• [Supplied data]:

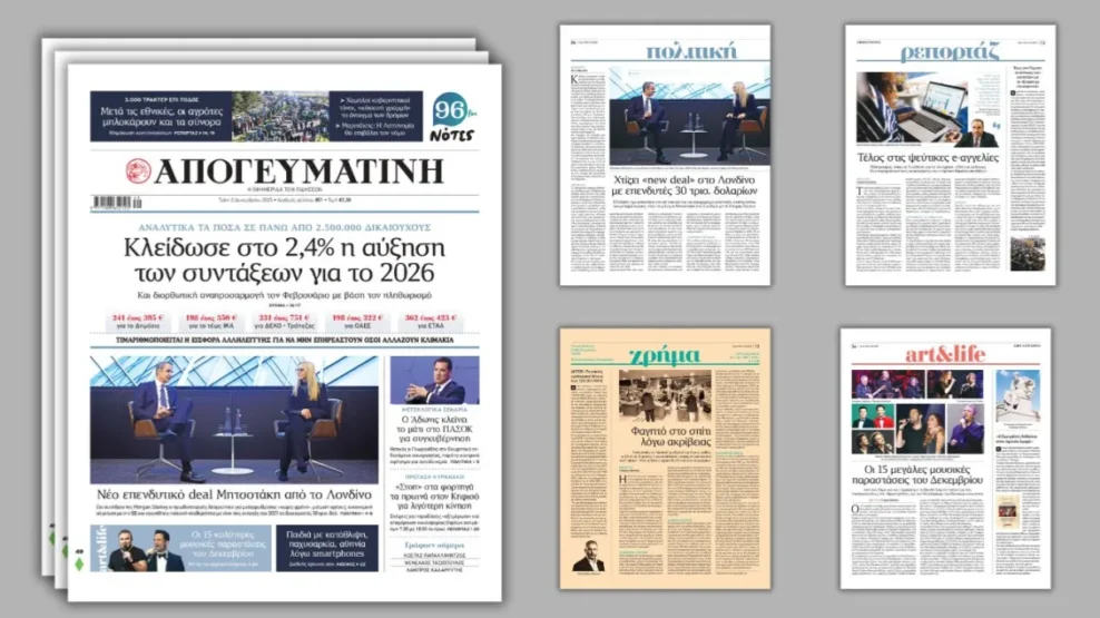 Ρεπορτάζ, άρθρα, αναλύσεις στην Απογευματινή που κυκλοφορεί σε όλα τα περίπτερα της χώρας
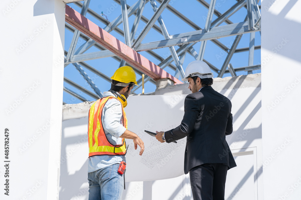 Contractor and engineer inspecting material a building site,New house builder,House improvement concept.
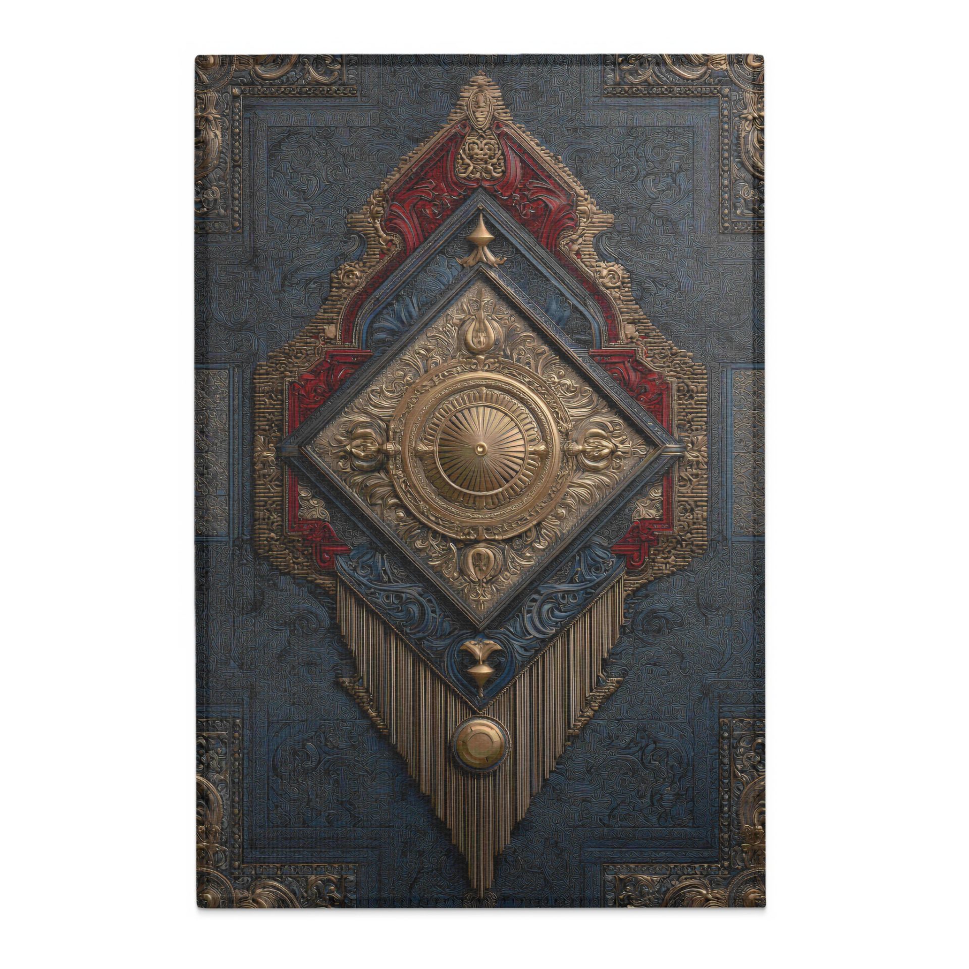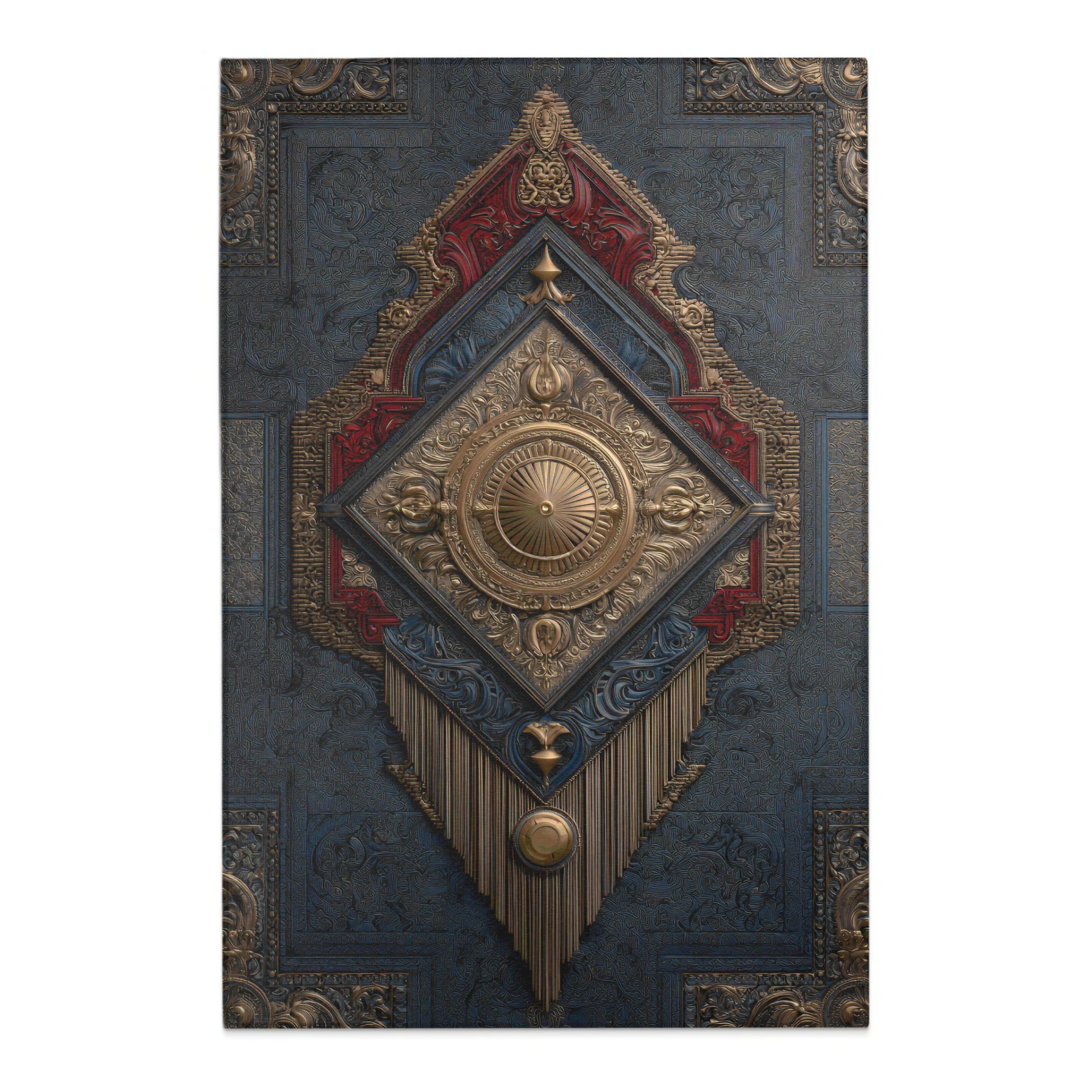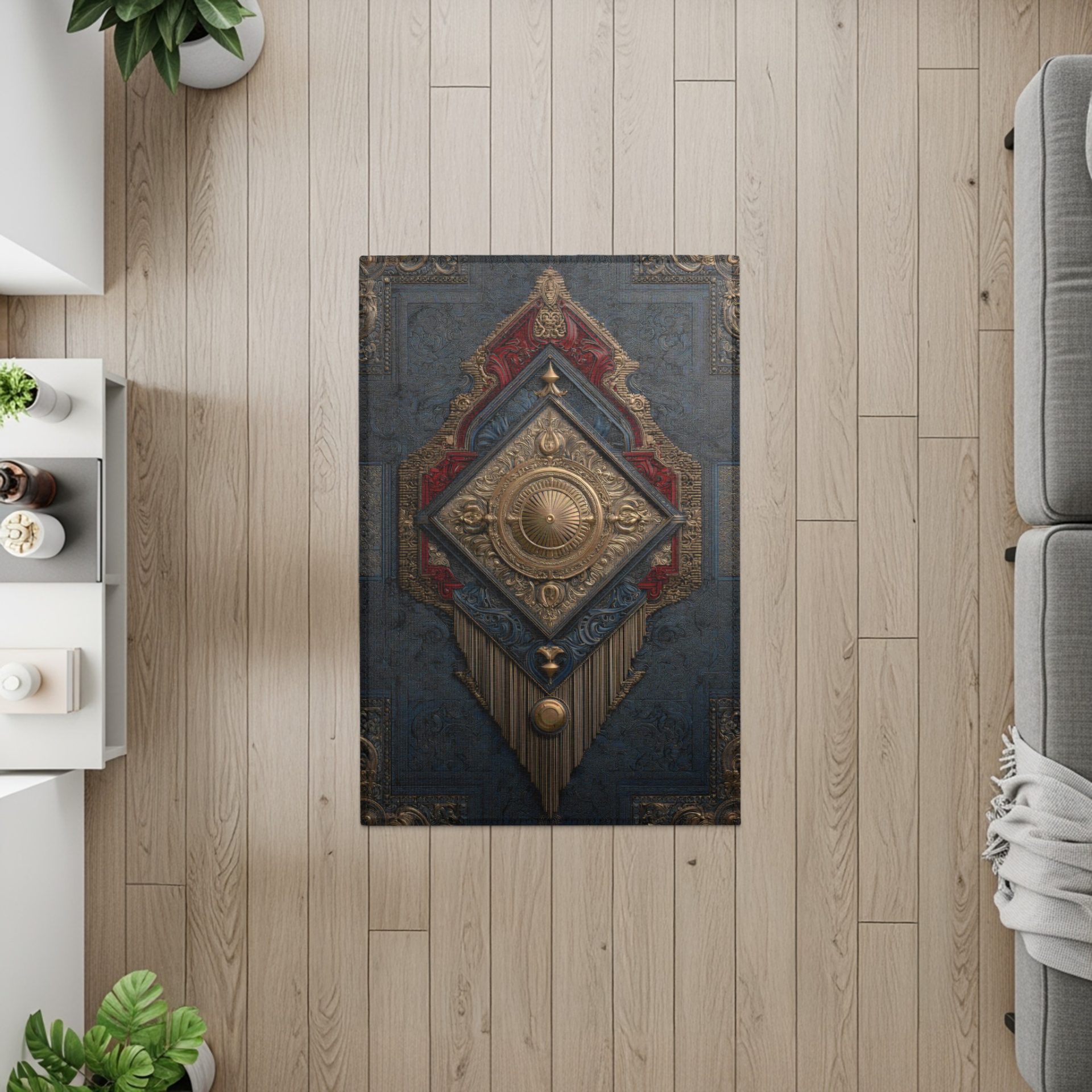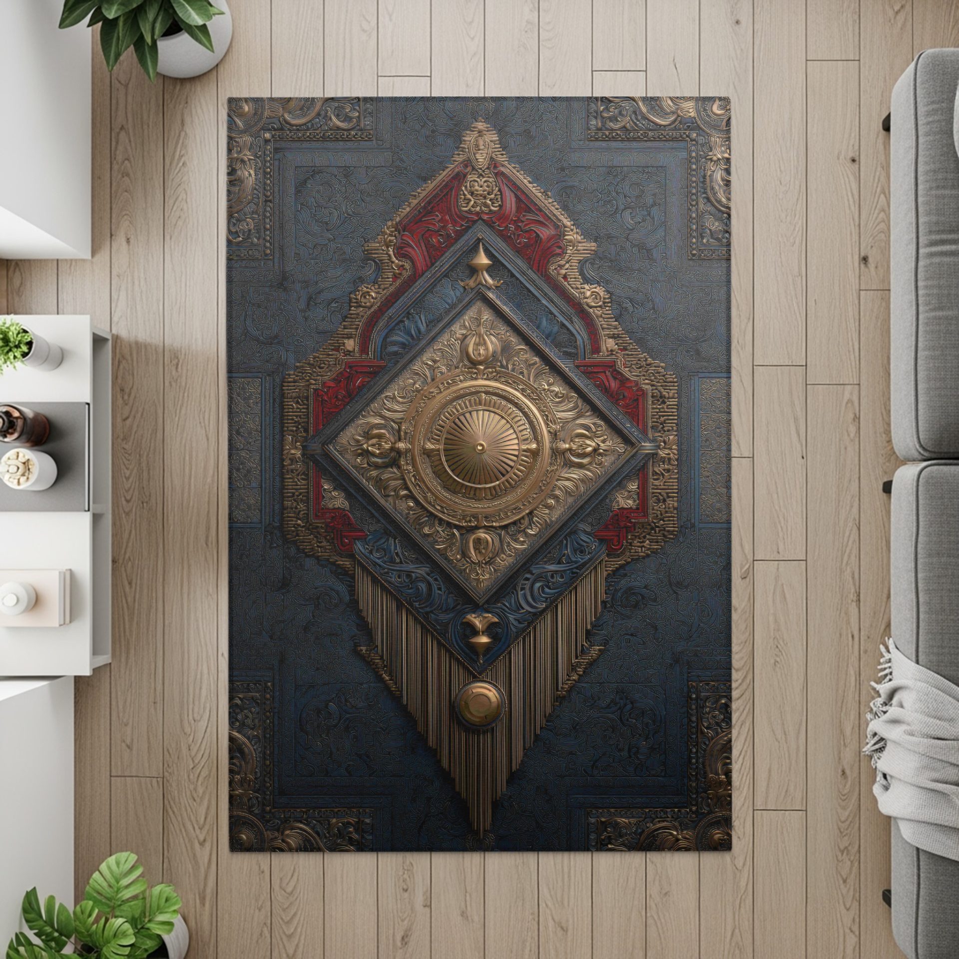 Elevate your home decor with this rug. Featuring intricate gold details on a textured background with accents of red this rug can add a touch of elegance and artistry to any space.
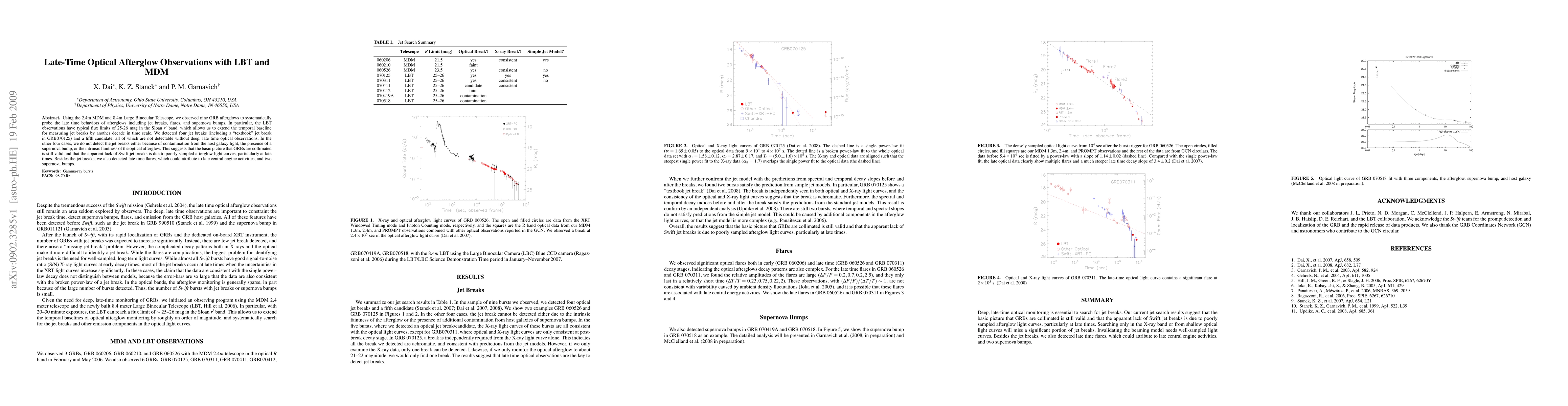 The research utilized the 2.4m MDM and 8.4m Large Binocular Telescope to observe nine GRB afterglows, focusing on late-time behaviors such as jet breaks, flares, and supernova bumps. The LBT observations reached flux limits of 25-26 mag in the Sloan r' band, extending the temporal baseline for measuring jet breaks.

• [Your task]:
A verbatim transcript of the material above, with images dropped, is the expected output.

• [Output of the task]:
 Ρεπορτάζ, άρθρα, αναλύσεις στην Απογευματινή που κυκλοφορεί σε όλα τα περίπτερα της χώρας
 Contractor and engineer inspecting material a building site,New house builder,House improvement concept.
 Elevate your home decor with this rug. Featuring intricate gold details on a textured background with accents of red this rug can add a touch of elegance and artistry to any space.
 The research utilized the 2.4m MDM and 8.4m Large Binocular Telescope to observe nine GRB afterglows, focusing on late-time behaviors such as jet breaks, flares, and supernova bumps. The LBT observations reached flux limits of 25-26 mag in the Sloan r' band, extending the temporal baseline for measuring jet breaks.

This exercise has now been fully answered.